WHAT NEEDS TO BE DONE: Each record should reappear exactly in your answer, minus any picture.

Start of MATERIAL FOR THE TASK

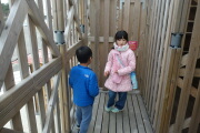 その後、遊園地ゾーンで息子が迷路の施設で遊び、娘はトランポリンで遊びます。
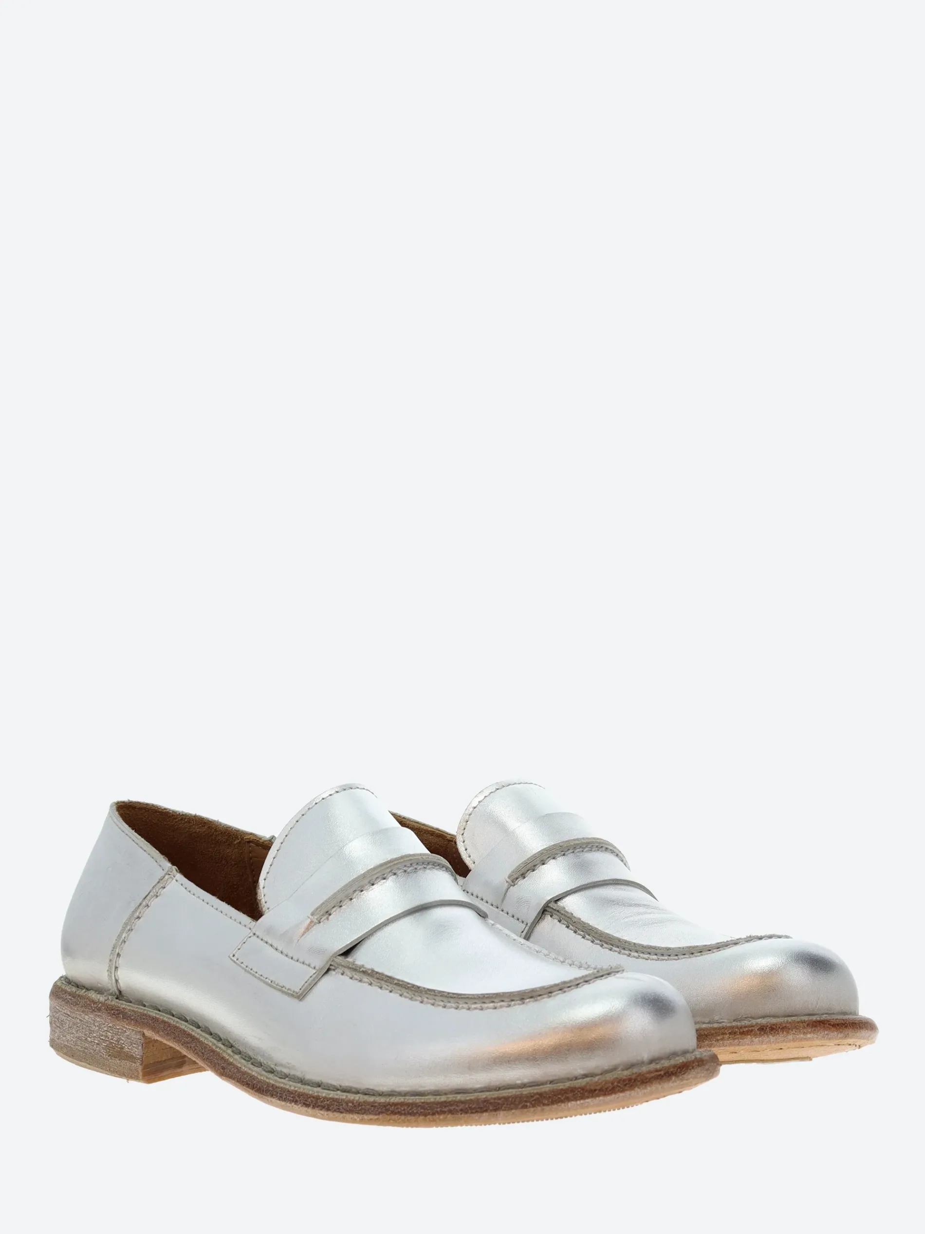 A classic penny loafer with a metallic finish, set on a slight heel.
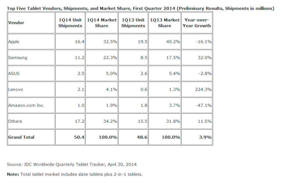Apple holder fast i førertrøjen, selv om salget dalede fra 19,5 millioner enheder i første kvartal 2013 til 16,4 millioner i første kvartal 2014. Apples markedsandel er fortsat høj, nemlig 32,5 procent. Der er dog tale om et lille fald fra det foregående kvartal, da Apple sad på 33,2 procent.
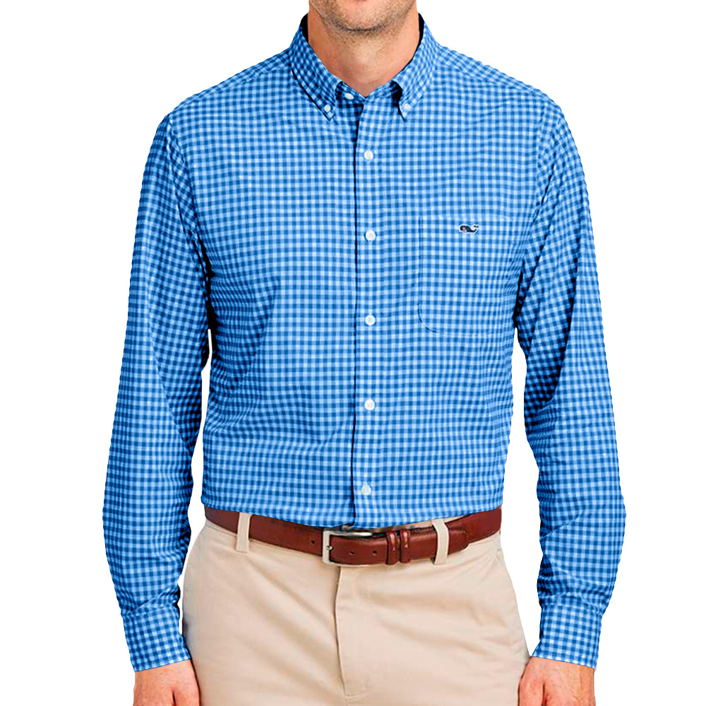 Crafted from a high-performance nylon blend with 91% spandex and 9% nylon, this shirt offers lightweight comfort with moisture-wicking and quick-drying capabilities. Built-in stretch ensures ease of movement without sacrificing structure. The classic fit is tailored with a slimmer chest and trimmed sleeves for a clean, modern silhouette. Finished with buttoned barrel cuffs and a whale embroidered on the chest pocket for a refined signature detail.
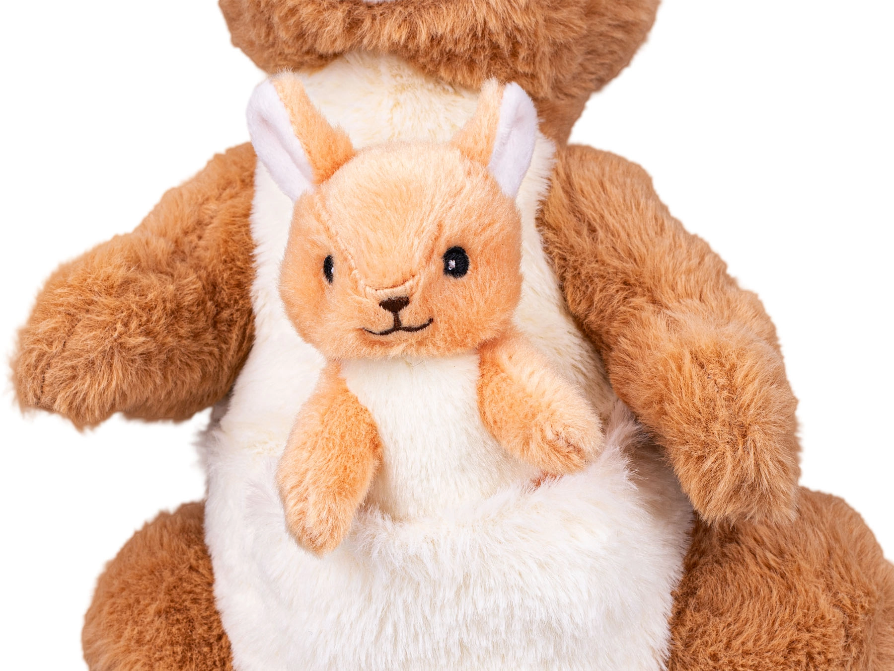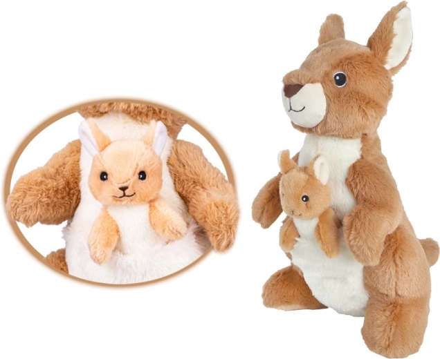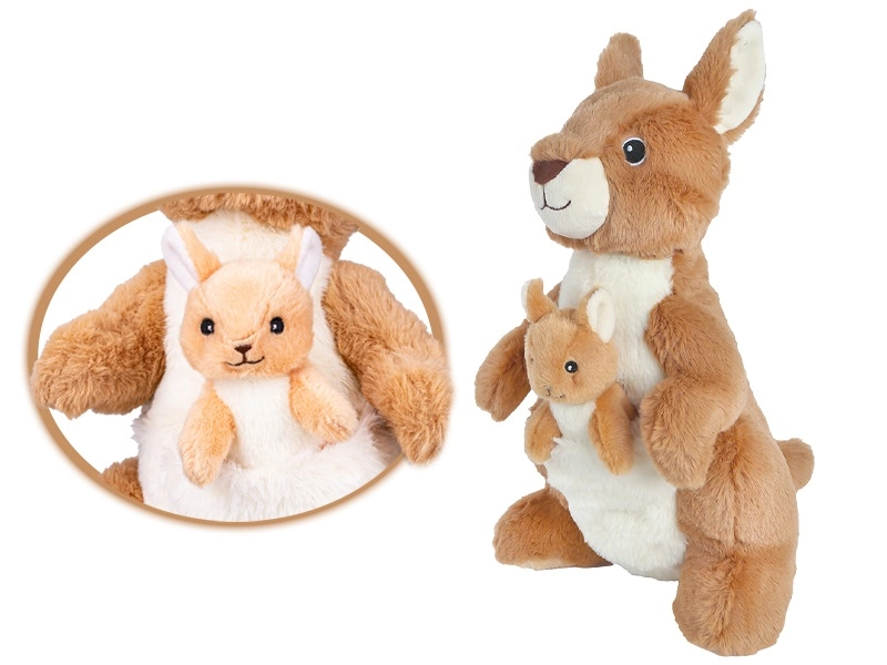 Deze schattige pluche kangoeroe met jong uit de collectie Take Me Home is een heerlijk zachte knuffelvriend voor kinderen vanaf de geboorte. Dankzij de zachte pluche, het realistische design en het compacte formaat van 32 cm geeft hij kinderen een gevoel van veiligheid, prikkelt de fantasie en is hij perfect om mee te knuffelen thuis en onderweg.
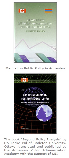 With the support of LGI, the Academy has translated several English-language texts, and recently has published the first-ever Armenian-language Manual on Public Policy, as well as the first Armenian-language Glossary of Public Policy Terms.
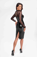 Pencildress aus elastischem Mattlook und langen transparenten Tüllärmeln. Reißverschluss und Gehschlitz hinten.
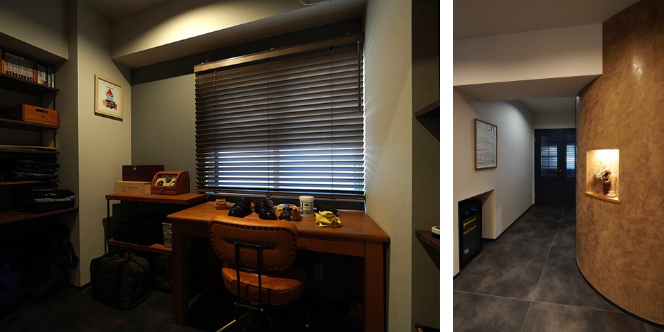 アトリエは好きがいっぱい詰まった落ち着く空間。 / 梁や柱を隠したイタリア漆喰のアール壁。ワインセラーの設置場所に工夫を凝らした。
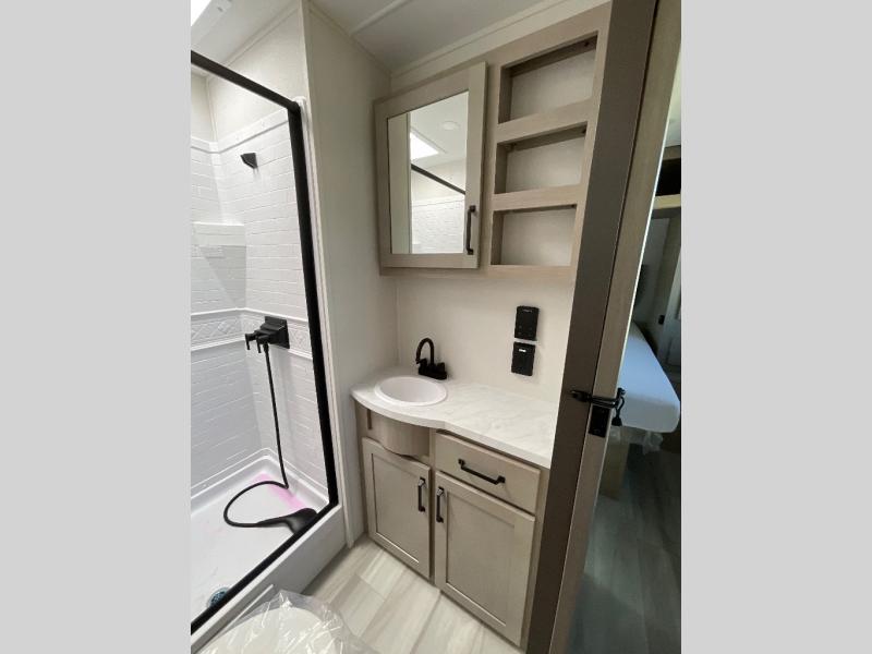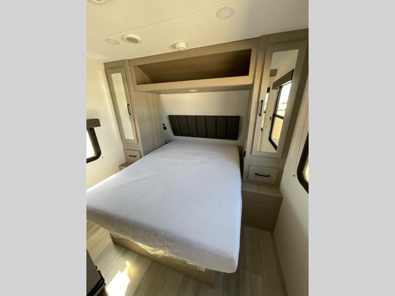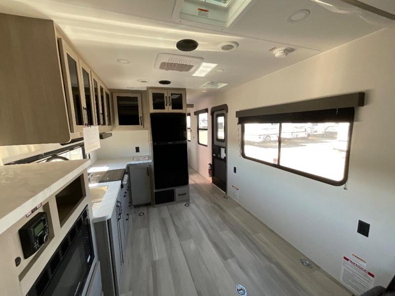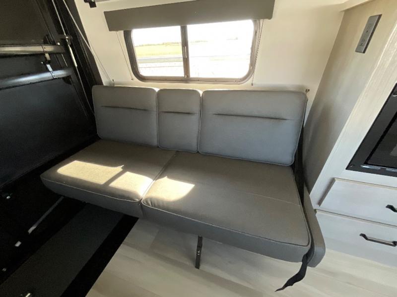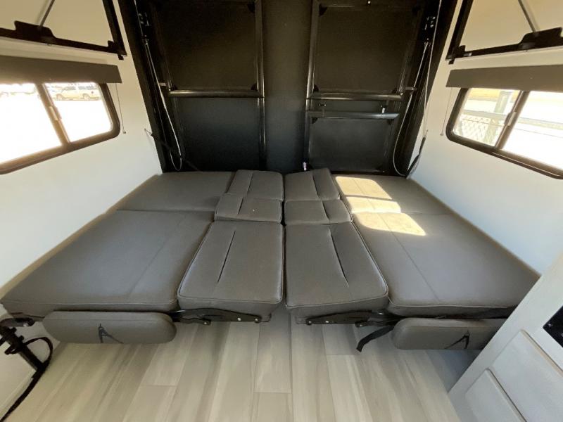 You will love this Momentum MAV toy hauler travel trailer! The front bedroom features a queen bed, and there is plenty of room to walk around. The sliding solid bedroom door helps with space. Overhead storage and a pair of nightstands are convenient storage, plus there is a wardrobe with both drawers and space to hang items. The kitchen offers a microwave, stainless steel sink, and an 8 cu. ft. 12V refrigerator. In the garage, you'll find rollover sofas with a table and a top bed for guests to sleep on. The ramp door/patio will provide additional living space once your toys are unloaded, and the pull down screen will keep bugs out!
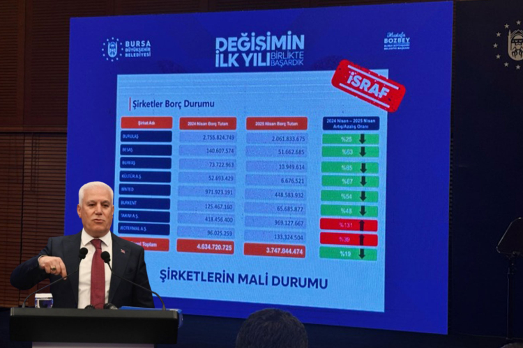 Bursa Büyükşehir Belediye Başkanı Mustafa Bozbey, ‘Değişimin İlk Yılı: Birlikte Başardık’ adlı 1 yılda yapılan çalışmalarını anlattığı basın toplantısında Tarım A.Ş.'nin 2024'ün nisan ayında 418 milyon 456 bin 400 TL olan borcununbu yılın nisan ayında yüzde 131 artışla 968 milyon 127 bin 667 TL'ye çıktığını kaydetmişti.
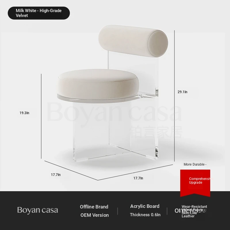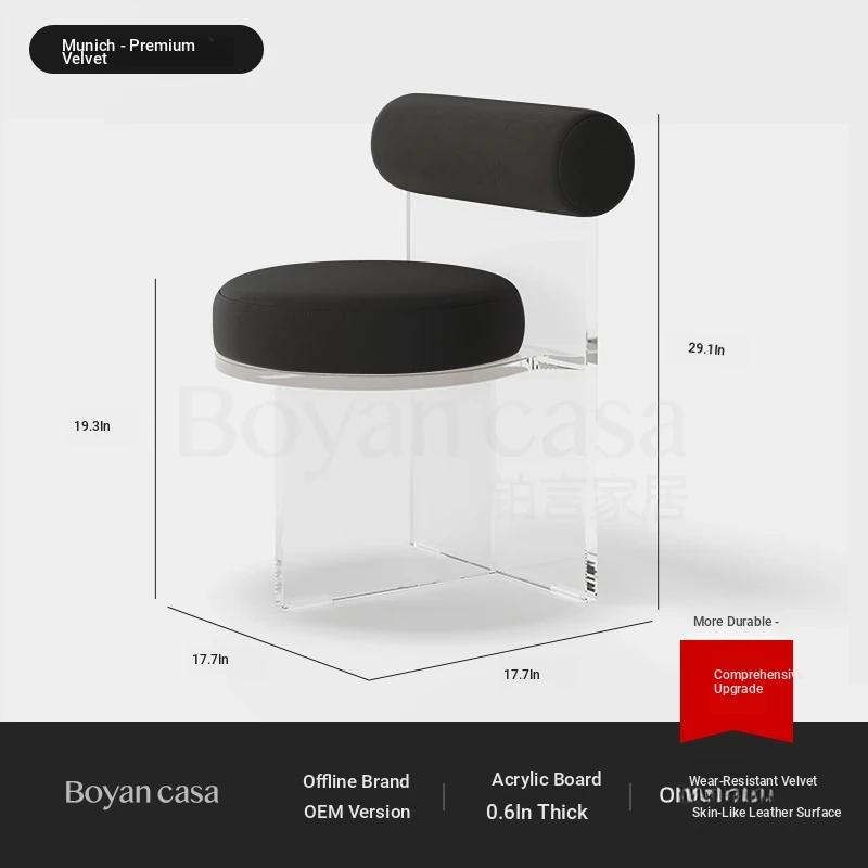 BOYAN Italian Minimalist High-End Acrylic Stool - Floating Dining Chair for Island Tables, Designer Quality and Transparent Elegance
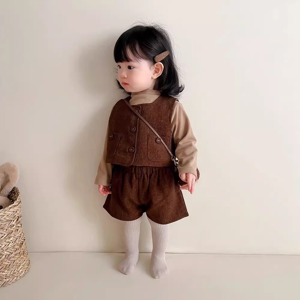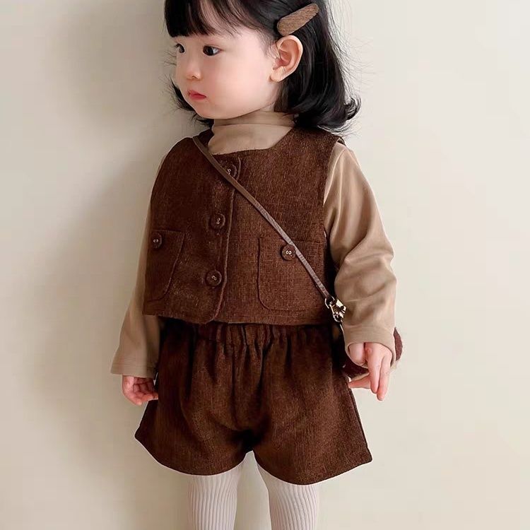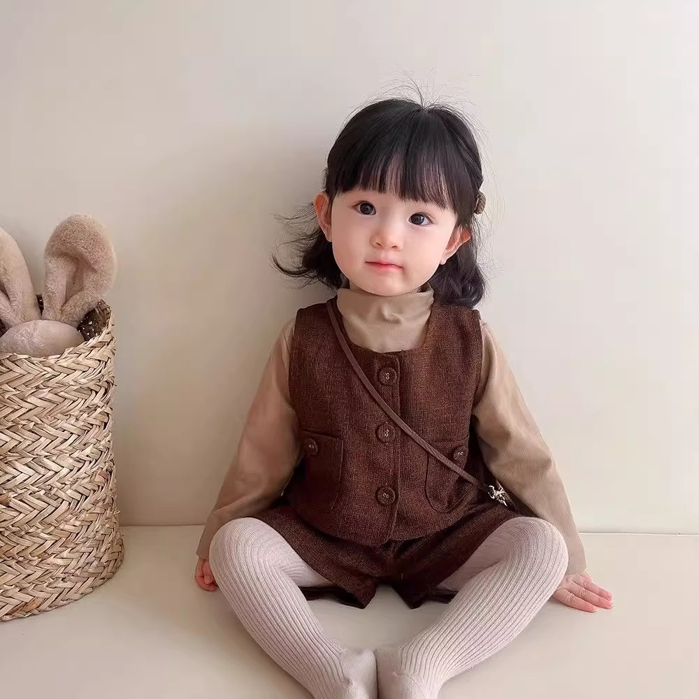 여아 정장 2025 봄 신작 봄 의류 아동 한국식 정장 조끼 캐주얼 바지 3 피스 세트 트렌디 베이비
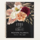 Livro de núpcias russo, boho, elegante e romântico negro, burgundy e terracotta com flores de aquarela adoráveis e grama de pampas.
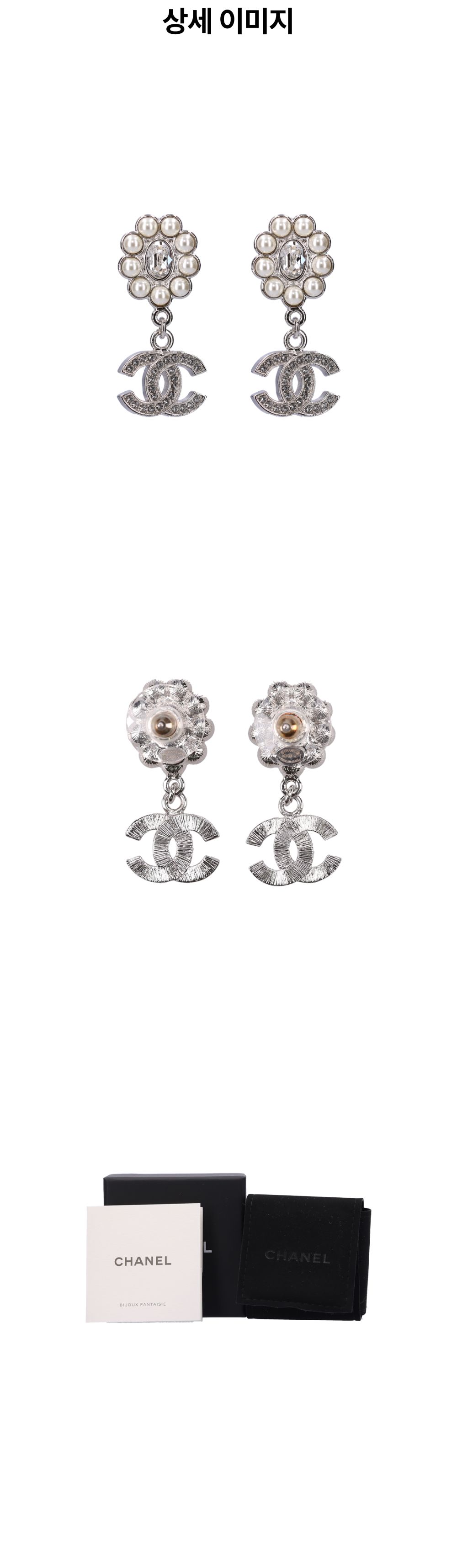 샤넬 ABB141 메탈 크리스탈 펄 드롭 이어링 실버

End of MATERIAL FOR THE TASK

TASK ANSWER:
 その後、遊園地ゾーンで息子が迷路の施設で遊び、娘はトランポリンで遊びます。
 A classic penny loafer with a metallic finish, set on a slight heel.
Apple holder fast i førertrøjen, selv om salget dalede fra 19,5 millioner enheder i første kvartal 2013 til 16,4 millioner i første kvartal 2014. Apples markedsandel er fortsat høj, nemlig 32,5 procent. Der er dog tale om et lille fald fra det foregående kvartal, da Apple sad på 33,2 procent.
 Crafted from a high-performance nylon blend with 91% spandex and 9% nylon, this shirt offers lightweight comfort with moisture-wicking and quick-drying capabilities. Built-in stretch ensures ease of movement without sacrificing structure. The classic fit is tailored with a slimmer chest and trimmed sleeves for a clean, modern silhouette. Finished with buttoned barrel cuffs and a whale embroidered on the chest pocket for a refined signature detail.
 Deze schattige pluche kangoeroe met jong uit de collectie Take Me Home is een heerlijk zachte knuffelvriend voor kinderen vanaf de geboorte. Dankzij de zachte pluche, het realistische design en het compacte formaat van 32 cm geeft hij kinderen een gevoel van veiligheid, prikkelt de fantasie en is hij perfect om mee te knuffelen thuis en onderweg.
 With the support of LGI, the Academy has translated several English-language texts, and recently has published the first-ever Armenian-language Manual on Public Policy, as well as the first Armenian-language Glossary of Public Policy Terms.
 Pencildress aus elastischem Mattlook und langen transparenten Tüllärmeln. Reißverschluss und Gehschlitz hinten.
 アトリエは好きがいっぱい詰まった落ち着く空間。 / 梁や柱を隠したイタリア漆喰のアール壁。ワインセラーの設置場所に工夫を凝らした。
 You will love this Momentum MAV toy hauler travel trailer! The front bedroom features a queen bed, and there is plenty of room to walk around. The sliding solid bedroom door helps with space. Overhead storage and a pair of nightstands are convenient storage, plus there is a wardrobe with both drawers and space to hang items. The kitchen offers a microwave, stainless steel sink, and an 8 cu. ft. 12V refrigerator. In the garage, you'll find rollover sofas with a table and a top bed for guests to sleep on. The ramp door/patio will provide additional living space once your toys are unloaded, and the pull down screen will keep bugs out!
 Bursa Büyükşehir Belediye Başkanı Mustafa Bozbey, ‘Değişimin İlk Yılı: Birlikte Başardık’ adlı 1 yılda yapılan çalışmalarını anlattığı basın toplantısında Tarım A.Ş.'nin 2024'ün nisan ayında 418 milyon 456 bin 400 TL olan borcununbu yılın nisan ayında yüzde 131 artışla 968 milyon 127 bin 667 TL'ye çıktığını kaydetmişti.
 BOYAN Italian Minimalist High-End Acrylic Stool - Floating Dining Chair for Island Tables, Designer Quality and Transparent Elegance
 여아 정장 2025 봄 신작 봄 의류 아동 한국식 정장 조끼 캐주얼 바지 3 피스 세트 트렌디 베이비
 Livro de núpcias russo, boho, elegante e romântico negro, burgundy e terracotta com flores de aquarela adoráveis e grama de pampas.
 샤넬 ABB141 메탈 크리스탈 펄 드롭 이어링 실버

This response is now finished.